Extracted data entries -
----------

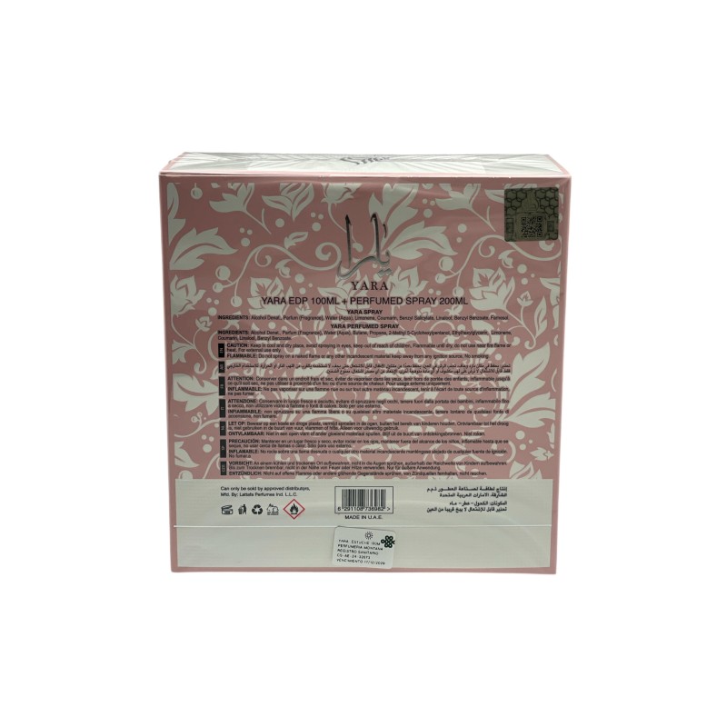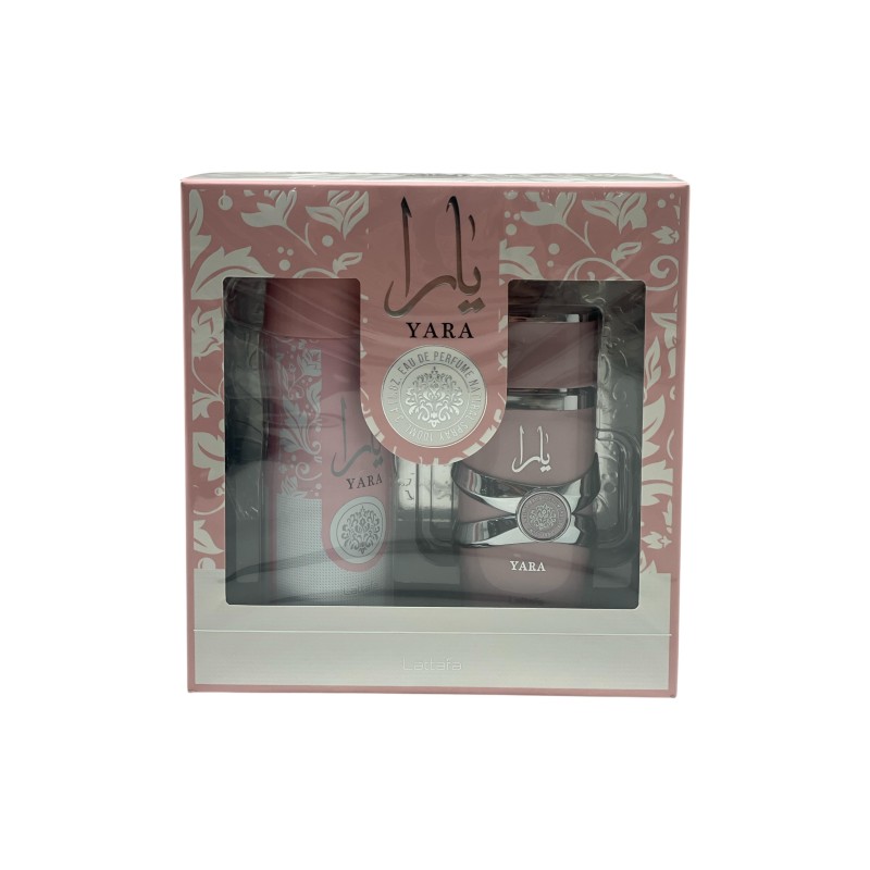 Descubrí el estuche Yara de Lattafa con perfume y spray corporal. Una fragancia femenina ideal para el día a día o como regalo especial.
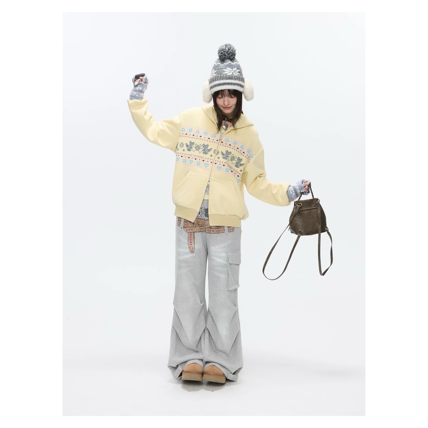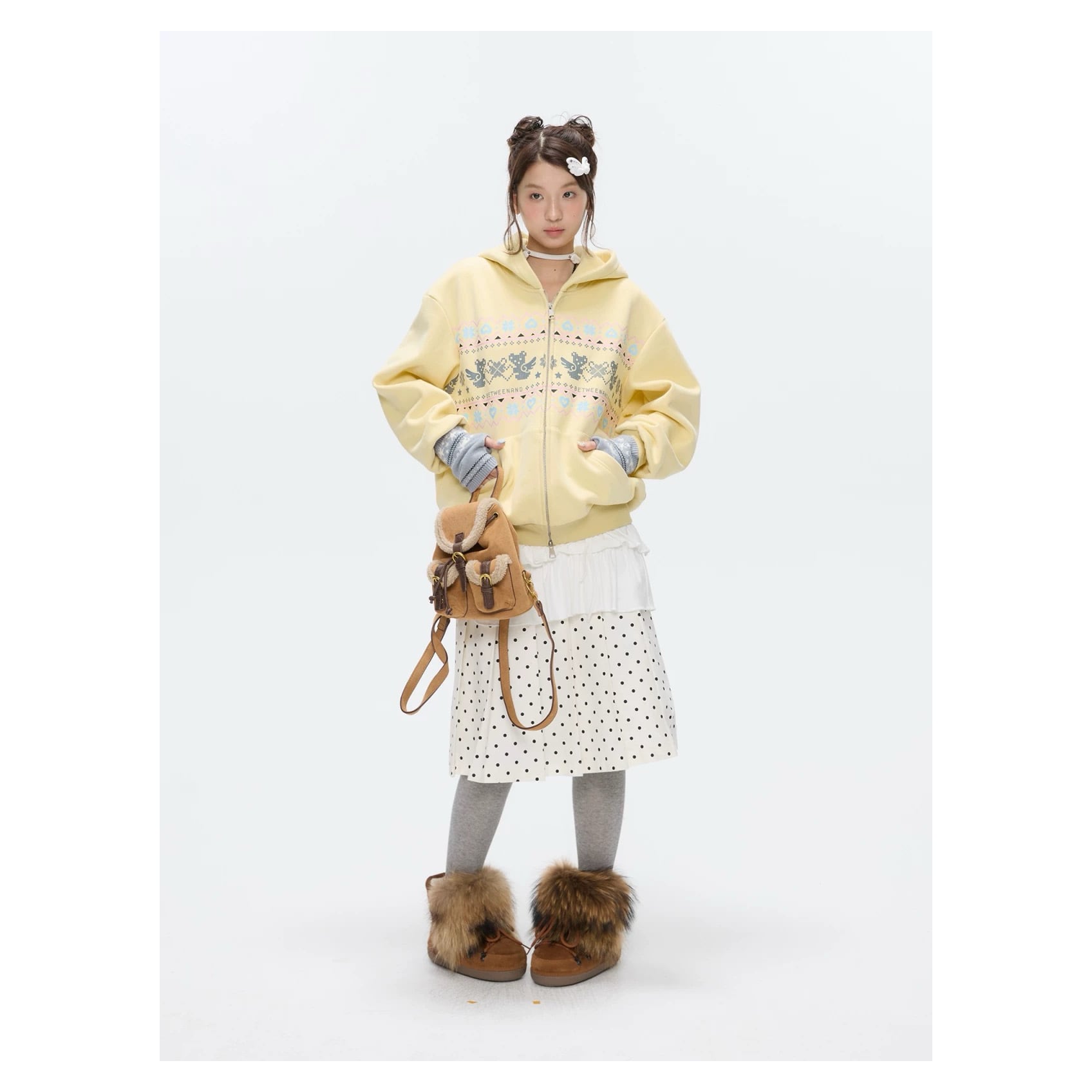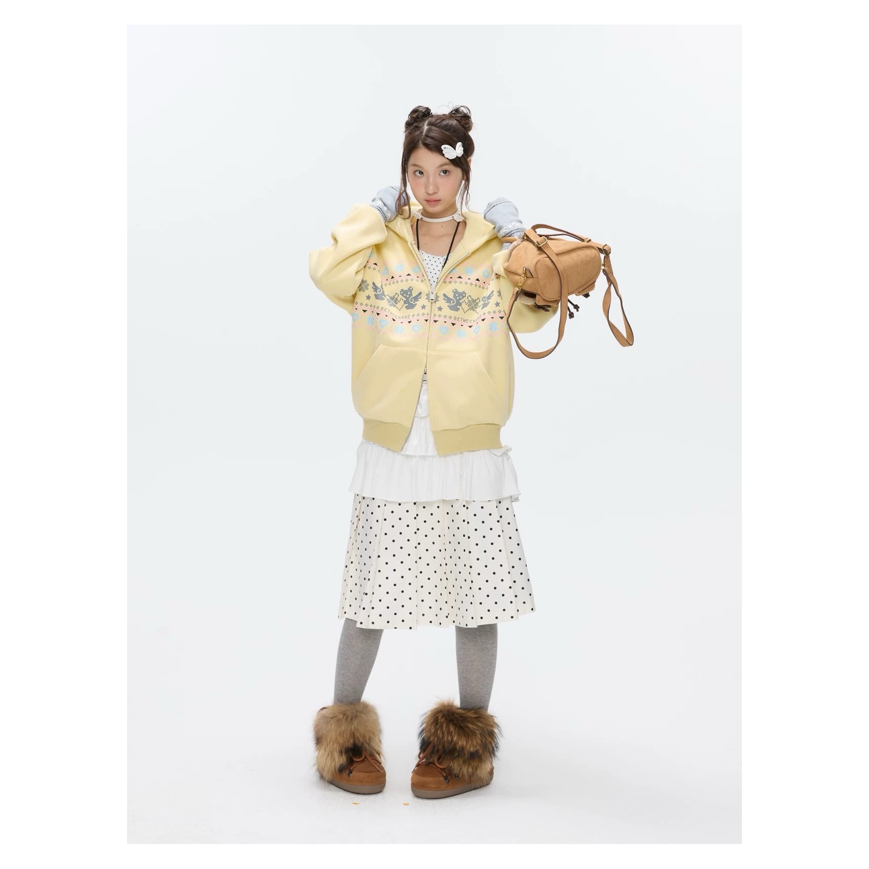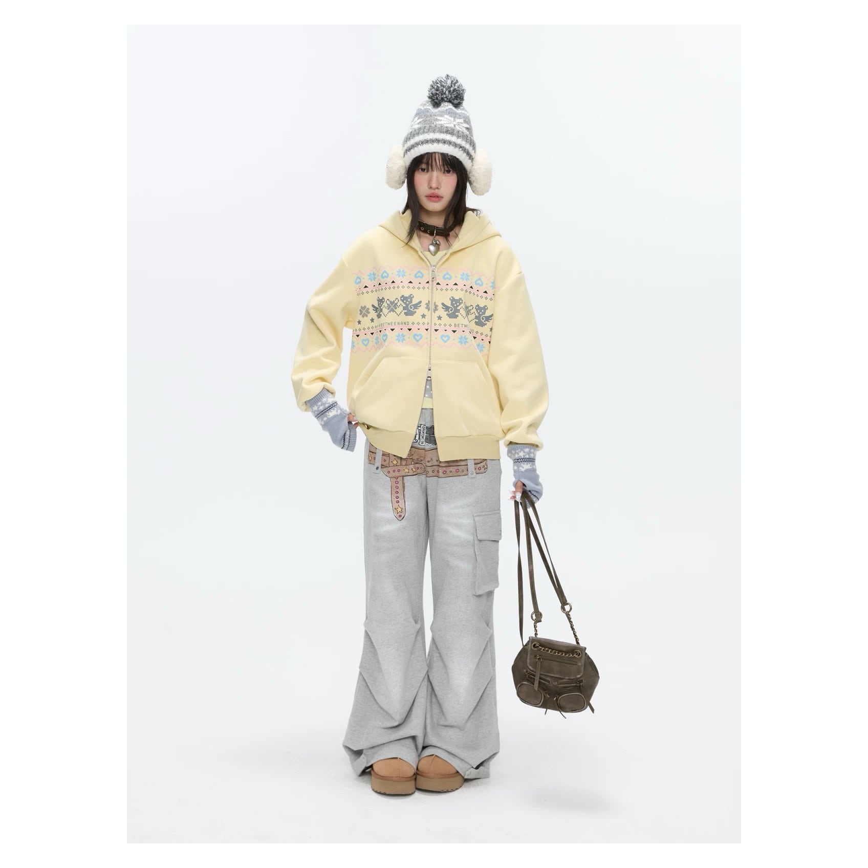 [BETWEENAND] Winter Lucky Bear Yellow Fleece Hoodie
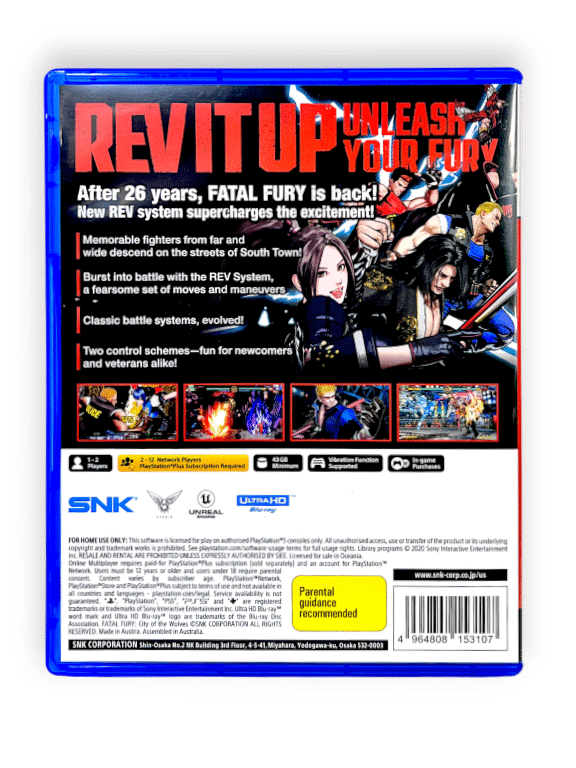 Description: SNK’s legendary fighting series returns with Fatal Fury: City of the Wolves. Featuring new mechanics, high-definition visuals, and fan-favourite fighters like Terry Bogard, this PS5 edition includes Season Pass 1 and bonus DLC costume packs for the ultimate fighting experience.
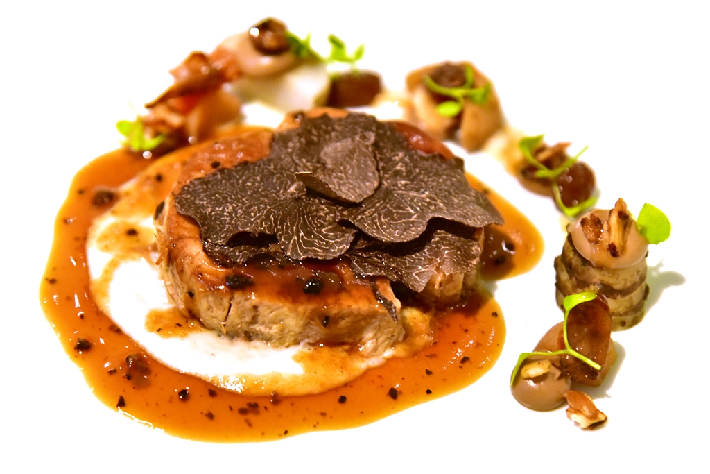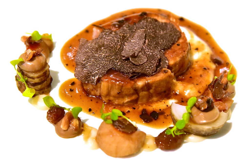 6th course: Veal, Water Chestnut & Black Truffle – เนื้อลูกวัวย่างกลิ่นหอมอร่อยเสิร์ฟคู่กับแห้วและเห็ดทรัฟเฟิลดำหอมกรุ่น
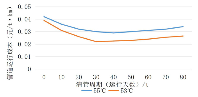 (2)實(shí)例計算表明,在考察的出站油溫和地溫條件下,油溫降低,清管周期縮短,管道運行成本先降低后升高。地溫越高,清管周期越長(cháng),管道運行成本越低。
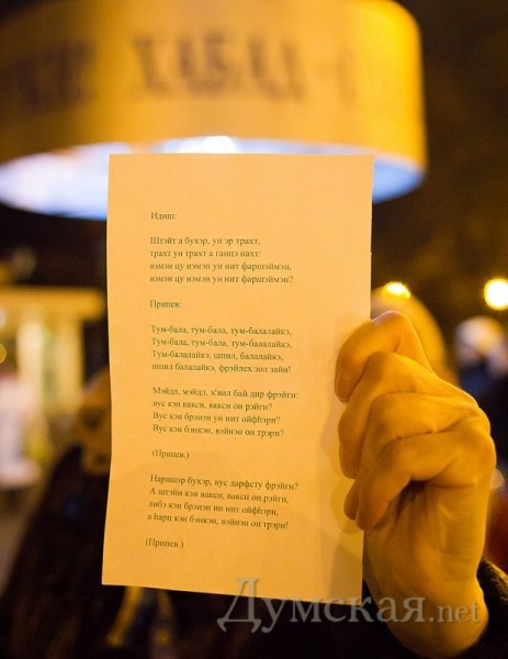 Далее митингующим раздали отпечатанные тексты популярной еврейской песни «Тум-балалайка» и предложили совместно исполнить ее под аккомпанемент приглашенного скрипача.
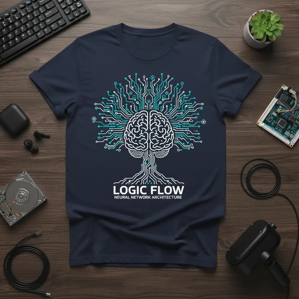 The phrase “LOGIC FLOW” is presented boldly, emphasizing the systematic and structured nature of neural processing. Below it, “NEURAL NETWORK ARCHITECTURE” provides clear context, making the design both artistic and informative. This combination ensures that the wearer not only sports a cool graphic but also communicates an appreciation for the underlying principles of artificial intelligence and computing.
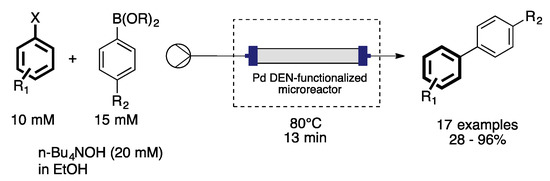 A very nice strategy based on dendrimer-encapsulated Pd nanoparticles as catalyst in flow reactor was developed by Verboom [103,104]. In contrast with the conventional heterogeneous Suzuki–Miyaura cross-coupling reaction using cartridge filled with solid catalysts, Verboom’s method anchored Pd nanoparticles onto the inner walls of the flow reactor. Aryl halides (10 mM) were mixed with boronic acid derivatives (15 mM) in ethanol at 80 °C using n-Bu4NOH (20 mM) as base at 80 °C. The solution was passed through the catalytic microreactor with a residence time of 13 min (Scheme 18).

----------

TASK TO CARRY OUT -
Transcribe, from the records above, the first line and every line after it up to and including the line with "[BETWEENAND] Winter Lucky"; omit pictures.

ANSWER AREA -
 Descubrí el estuche Yara de Lattafa con perfume y spray corporal. Una fragancia femenina ideal para el día a día o como regalo especial.
 [BETWEENAND] Winter Lucky Bear Yellow Fleece Hoodie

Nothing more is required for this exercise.